In reality you would do: lens_data <- read.csv(“lens_export.csv”)

For the solutions, we create a small toy dataframe: lens_data <- data.frame( lens_id = c(“L1”, “L2”, “L3”, “L4”, “L5”, “L6”), Year = c(2018, 2019, 2019, 2020, 2020, 2020), Citations = c(5, 0, 12, 3, 25, 7), Publication Type = c(“Journal Article”, “Conference Proceeding”, “Journal Article”, “Book Chapter”, “Journal Article”, “Conference Proceeding”), Open.Access = c(TRUE, FALSE, TRUE, FALSE, TRUE, TRUE) )

2.How many columns are there?
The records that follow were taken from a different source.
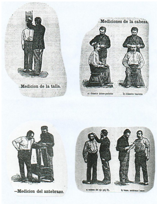
Figura 1. Mediciones de determinados rasgos físicos a los delincuentes, según la recomendación de Pedro N. Barros Ovalle. Manual de antropometría criminal i jeneral , Imprenta de Enrique Blanchard-Chessi, Santiago, 1900.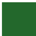
VERDE SCURO RAL 6005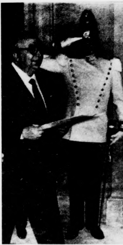
Ismét Giovanni Spadolini alakított kormányt Olaszországban. Az új római kabinetnek még összetétele is megegyezik a bukás előttivel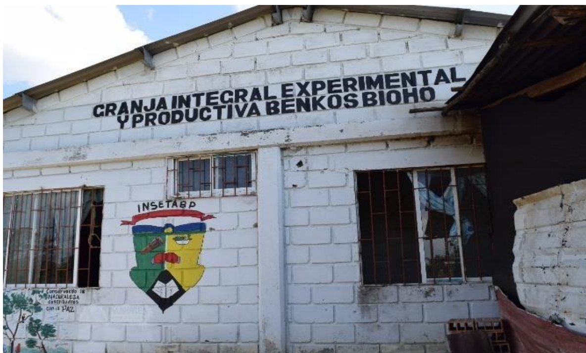
Imagem 36 Fachada da escola agrícola

A imagem 38 é da fachada da escola agrícola de San Basilio de Palenque, o que chama atenção que em seu nome há menção à Benkos Bioho, que para eles é o líder da comunidade e responsável pela liberdade de seu povo. Podemos notar ainda que, em sua parede há um brasão de San Basilio de Palenque que neles contêm suas principais “características” culturais: o tambor, um prato com ervas, um livro e um par de luvas de boxes, fazendo menção a Pambelé.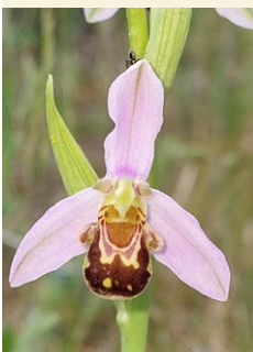
Ophrys apifera flor d'abella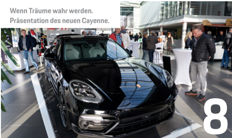
Wenn Träume wahr werden. Präsentation des neuen Cayenne.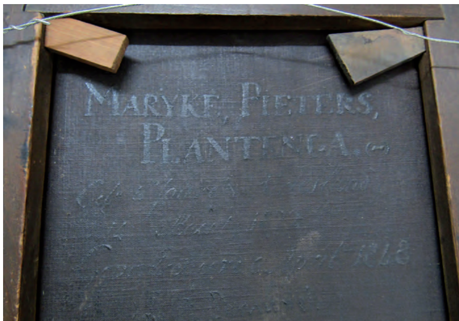
Afb. 3. Achterzijde van het portret van Marijke.

Onder de floddermuts is een gouden oorijzer met rijk bewerkte gouden potknoppen die boven de muts uitsteken. Ze draagt een bruin jak met een zwarte zijden of fluwelen strik en zwarte biezen. Ze draagt een halsketting met een gouden slot, van wat ik eerst dacht, van bloedkoraal was maar het blijkt facetgeslepen carneool te zijn. Kornalijn past rond 1848 helemaal in het modebeeld.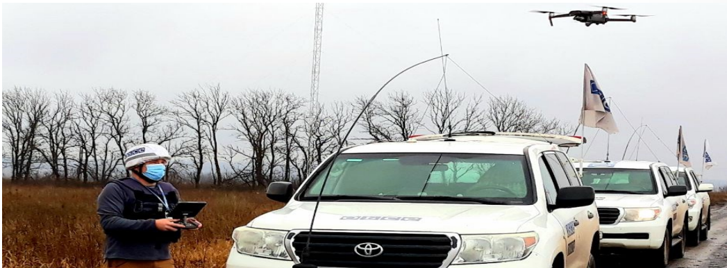
Спостерігач СММ запускає БПЛА на ділянці розведення в районі Петрівського Донецької області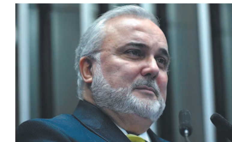
Prates: prática de preços terá equilíbrio com o mercado

Prates afirmou que a Petrobras vai seguir o critério de es-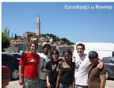
Eurodisejci u Rovinju

Istrani su desetak dana ranije primljeni u palači Varaždinske županije, gdje im je održana prezentacija o Varaždinskoj županiji i provedbi Eurodyssée programa u toj regiji. Nakon povratka iz Starog grada upoznali su kandidate iz Varaždinske županije koji su sudjelovali u Eurodyssée programu. Mladi iz obje županije izrazili su zadovoljstvo ovakvim vidom razmjene dodavši kako je ipak najbolje kad te na izlet vode domaćini koji znaju prezentirati najljepša mjesta svoje regije.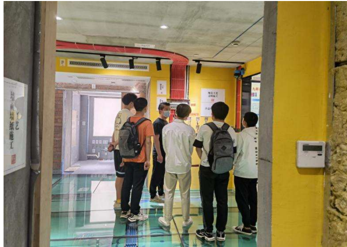
图 3 学生在企业水电隐蔽工程展厅内学习实践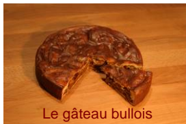
Le gâteau bullois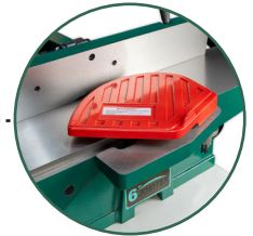
Guarda retráctil para proteger los dedos.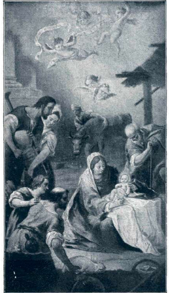
Sl. 40. Layer L.: Rojstvo (1791).

Was it imported correctly?

# Number of columns
ncol(lens_data)

# Names of the columns
colnames(lens_data)

# You can also look at the first rows to see if it looks OK:
head(lens_data)

3. What’s the averaghe number of citations?
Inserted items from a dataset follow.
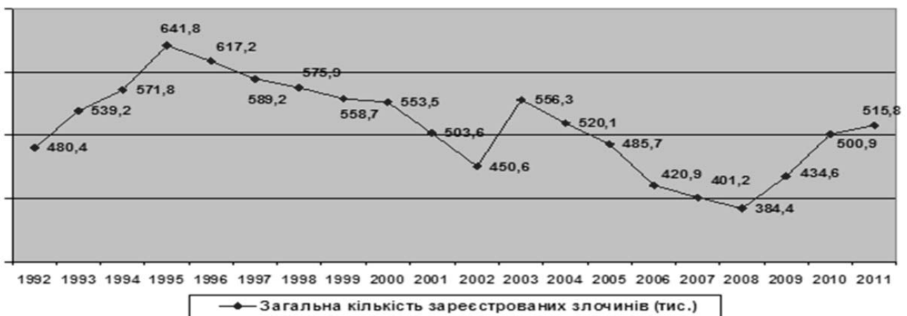
Рівень зареєстрованої злочинності в Україні (1992–2011 рр.)

Як бачимо, рівень загальної кількості зареєстрованих у країні злочинів починаючи з 1995 р. поступово , але стабільно зменшується 5 . Виняток становить стрибок цього показника у 2003 р., коли абсолютна кількість зареєстрованих злочинів сягнула 556351 злочину, що на 15,8 % більше, ніж у 1992 р. та на 23 % більше щодо попереднього 2002 року. Починаючи з 2004 р. цей показник продовжує більш інтенсивно знижуватися (середньорічний темп зниження щодо кожного попереднього року становить 8 %), сягнувши у 2008 р. в абсолютних цифрах 384424 злочинів, що у 5 разів (на 20 %) менше, ніж у 1992 році. Однак з 2009 р. загальна кількість зареєстрованих в країні злочинів знов починає поступово зростати, сягнувши у 2010 р. відмітки 500902 злочини, що на 4,2 % більше, ніж у 1992 р. та на 15,2 % більше щодо попереднього 2009 року. У 2011 р. цей показник становив 515833 злочини, що на 3 % більше щодо попереднього 2010 р. та на 7,3 % більше, ніж у 1992 році.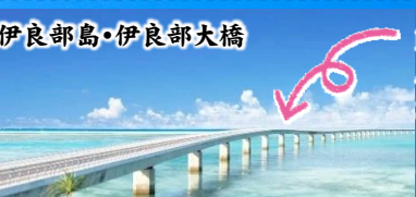
日本最長! まるで海の上を走る感覚!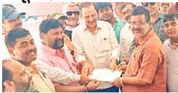
आवास बोर्ड कार्यपालक अभियंता के नाम जापान सौंपते भाजपा के नेता

आवास बोर्ड द्वारा डब्ल्यू टाइप समेत अन्य फ्लैट व मकान के सर्वे के विरुद्ध लगातार हो रहे आंदोलन के बीच भारतीय जनता पार्टी ने भी सर्वे को तत्काल रोकने की मांग की है। सर्वे के विरुद्ध भाजपा द्वारा सरकार के खिलाफ उग्र आंदोलन की सी घोषणा की गई है। बुधवार को भारतीय जनता पार्टी सरायकेला खरसावां जिला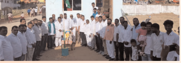
మార్కెట్ కమిటీ కార్యాలయంలో. కుల్చర్ల రూరల్, మేజర్ న్యూస్ (జనవరి 26) 76వ గణతంత్ర దినోత్సవ వేడుక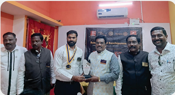
RC of Kanchipuram Grand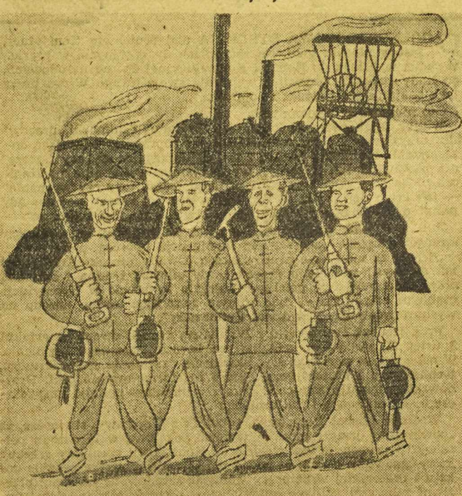
Markiewka, Sierny, Apryas, Kawczyk

Belgijski mln. spraw zagranicznych Van Zeeland puścił w świat kłamliwą wiadomość, że w polskich kopalniach pracuje 500.000 Chinczyków.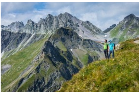
Panorama Höhenweg am Pizol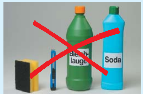
Keine aggressiven Werkzeuge oder Mittel verwenden!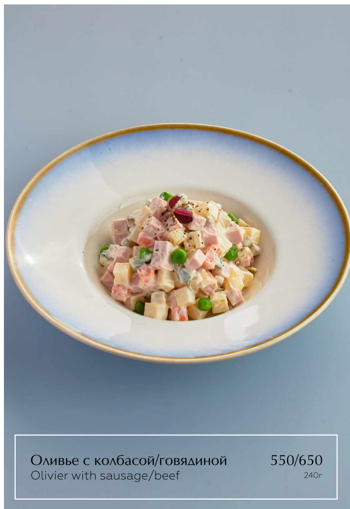
Оливье с колбасой/говядиной Olivier with sausage/beef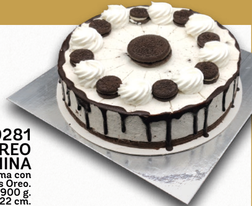
9281 TARTA CON GALLETA OREO BENJAMINA Exquisito mousse de crema con auténticas galletas Oreo. 8-9 porciones 900 g. ø22 cm. 12 cajas por base 144 cajas por palé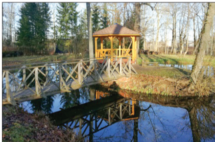
„Mīlestības salīņas” lapene.

Rekonstruētas Tiņģeres pils jumta notekas, kā arī tualetes un koridors pie pils kapelas. „Mīlestības salīņā” izveidota lapene, bet, lai nokļūtu līdz salīņai un avotam, ierīkots gājēju celiņš. Parkā sakārtota elektroapgāde, bet bērnu dārzā „Saulstariņš” Tiņģeres filiālē nomainīts skurstenis.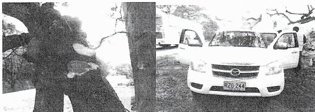
Guácimo (Guazuma ulmifolia)

mean_citations <- mean(lens_data$Citations)
mean_citations

4. Pick a year: how many publications

year_of_interest <- 2020

pubs_in_year <- sum(lens_data$Year == year_of_interest)
pubs_in_year

5. How many publications are there of each type?
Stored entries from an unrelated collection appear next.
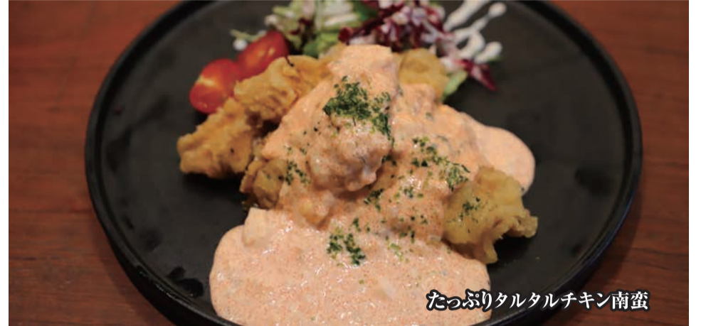
たっぷりタルタルチキン南蛮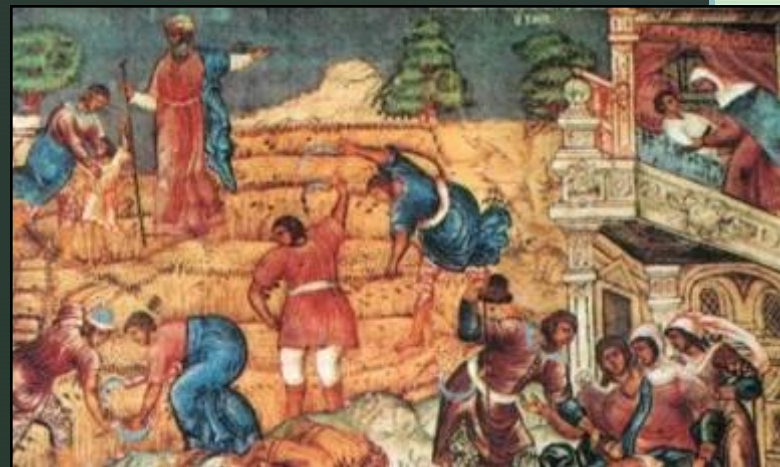
«Деяния пророка Елисея». Гурий Никитин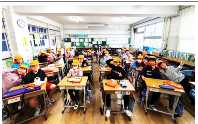
防災キャップを装着した5年生の様子

今後は災害時に備え、防災キャップをすぐに活用できるよう指導してまいります。 ※右写真は5年生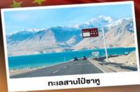
ทะเลสาบเปีซาตู

“ซินเจียงใต้” ดินแดนแห่งทะเลทราย สัมผัสวัฒนธรรมของชาวซินเจียงอุยกูร์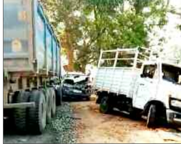
आपस में टकराए वाहन।

जारी है। हादसे में आधा दर्जन लोगों को आई मामूली चोटें, कुछ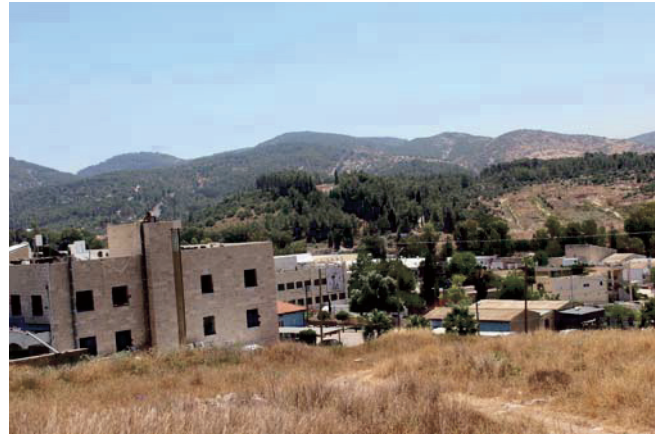
Abb. 10. Zunehmender Industrie- und Siedlungsbau verdrängen die natürlichen Standorte der Wildpflanzen.

table(lens_data$`Publication Type`)

6. How many publications were in open access each year?

table(lens_data$Year[lens_data$Open.Access == TRUE])

Exercices part 7 (explain the code)

sustainability_data <- read.csv("sustainability_data.csv")


sustainability_data$Emissions_Category <- ifelse(
  sustainability_data$CO2_Emissions < 5, "Low",
  ifelse(sustainability_data$CO2_Emissions <= 10, "Moderate", "High")
)

sustainability_data$Renewable_Contribution <- sustainability_data$CO2_Emissions / sustainability_data$Renewable_Energy_Percent

emissions_matrix <- matrix(sample(1:100, 9, replace = TRUE), nrow = 3, ncol = 3)

adjusted_emissions_matrix <- emissions_matrix * 0.05

total_offset <- sum(adjusted_emissions_matrix)
print(paste("Total Offset Contribution:", total_offset))

high_emissions_high_renewable <- subset(sustainability_data, 
                                        Emissions_Category == "High" & Renewable_Energy_Percent > 40)
print("Countries with high CO₂ emissions and >40% renewable energy:")
print(high_emissions_high_renewable)

write.csv(sustainability_data, "sustainability_data_updated.csv", row.names = FALSE)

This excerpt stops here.